The Dangers of Weak Cryptography

For one who is not well-versed in “cryptography,” hearing the word might simply bring to mind the language game Pig Latin. However, Singh is trying to convey, in layman’s terms, that cryptography is not a child’s game for all; in Mary Queen of Scots’ case, it was literally an instance of life or death. The issue at hand is that while encryption is meant to show that one's guard is up, it actually creates a false sense of security when utilized poorly.
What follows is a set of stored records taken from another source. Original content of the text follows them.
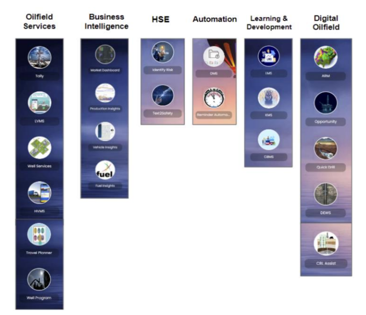
Unified interface tailored to serve unique digital application requirements.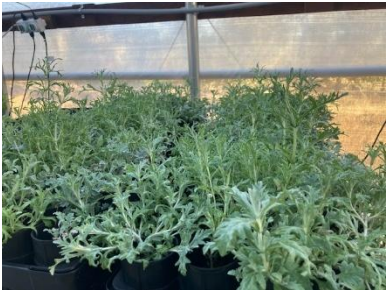
8/15/2025. Dense vegetative growth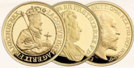
British Monarchs COIN SERIES

The British Monarchs Collection uniquely celebrates iconic kings and queens by providing a numismatic snapshot of their respective reigns through coin designs of yesteryear.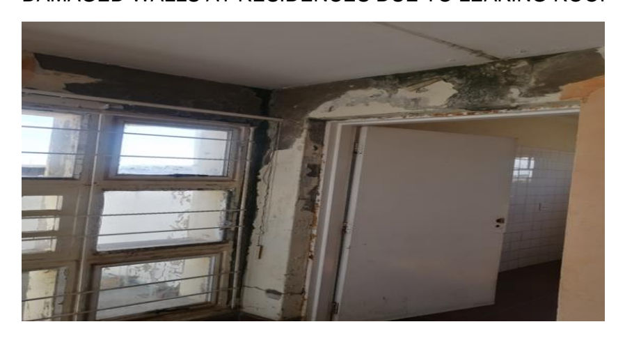
LEAKING ROOF AT RESIDENCE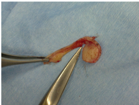
FIGURE 5: The peripheral skin is cut by seizures.

Cernea et al. presented a study on the reliability of using DBS for the comprehensive excision of surgical margins in large tumors of the head and neck. The preliminary findings of their study showed that the use of DBS is beneficial in harvesting skin and soft tissue margins of large head and neck tumors [13]. The DBS has also been used as an alternative for complete histological margin control in hospitals where it is difficult to perform Mohs surgery. A number of basal and squamous cell carcinomas were excised with a DBS and the tissue strips proceeded to intraoperative histological evaluation. The authors managed to obtain good surgical margin control and no local recurrences were reported [14]. Moossavi et al. were the first to introduce the use of DBS in Mohs surgery. They presented a case of a large dermatofibrosarcoma protuberans (DFSP) where margin control was essential. While Mohs surgery provided the good peripheral margin control needed, the use of DBS reduced the time required to harvest the margins of the massive lesion [15].

For instance, there has been a time in every person’s life when he or she whispered something to a neighbor in the hopes of keeping the message a secret. Unbeknownst to them, spectators who speak the same language were either able to eavesdrop and hear the secret or possibly even lipread bits and pieces. Yet, to the two that were whispering in their own world, it was as if they had been speaking a foreign language. Babington and Mary were in this same little world, where they had a false sense of reality and security. As Singh stated, this was honestly an unfortunate time for Mary to be communicating through cryptography because the first true cryptanalysts were emerging. The two did little to alter their patterns and believed that only they could read what was intended for one another. The problem is, in an ever-changing world, it is naive to think that one should not have to adapt to remain undiscovered. Like two people whispering, Babington and Mary let their guard down at a critical point of their mission

By trusting her basic encoding system at an essential turning point in the history of cryptanalysis, Mary left herself vulnerable to decryption and was caught openly aligning with the rebels attempting to free her. Had she been writing without encryption, she would not have directly given her blessing for the assassination. Singh wants other cryptographers to be aware that they cannot expect to simply lay encryption over their messages like some form of a safety blanket. If a message is truly meant to be a secret, cryptographers should work to ensure that their ciphers are unbreakable.

How to Keep Communication Relatively Safe through Cryptography

"A weak encryption can be worse than no encryption" because it gives the communicators a false sense of security (41). As a result, they would fail to conceal their meaning in writing and use plain language.

What's communicated throughout the chapter is that one form of encryption is never enough. If one only employs the method of stenography, the message could be completely compromised upon discovery by the enemy. On the other hand, reliance on one form of cryptography is likewise reckless. Even in Queen Mary's case, as she employs several methods to conceive her message, the secret was still easily discovered.

To keep communication safe through the usage of cryptography might mean multiple forms of cryptography. For example, a substitution mixed with transposition, which adds an additional layer of protection. While that might still be insufficient, one could always choose to hide words by using secret language codes (unlike the codes adopted in encryption). For instance, "to assassin Queen Elizabeth" could be written as "to execute the sailing plan". In Queen Mary's case, such communication could have saved her from facing the death penalty.

Cryptography is only adopted when the messengers can't meet in person, in which case some form of written message has to be created. The key and algorithm, however, are always vulnerable to the risk of being deciphered. Cryptanalysis developed alongside cryptography. Thus, the security of encryption depends on how long it's going to take for the enemy to decipher the code. In other words, cryptography is a highly time-sensitive tool. The complexity of encryption could largely increase security, while also decreasing efficiency to communicate for all parties involved.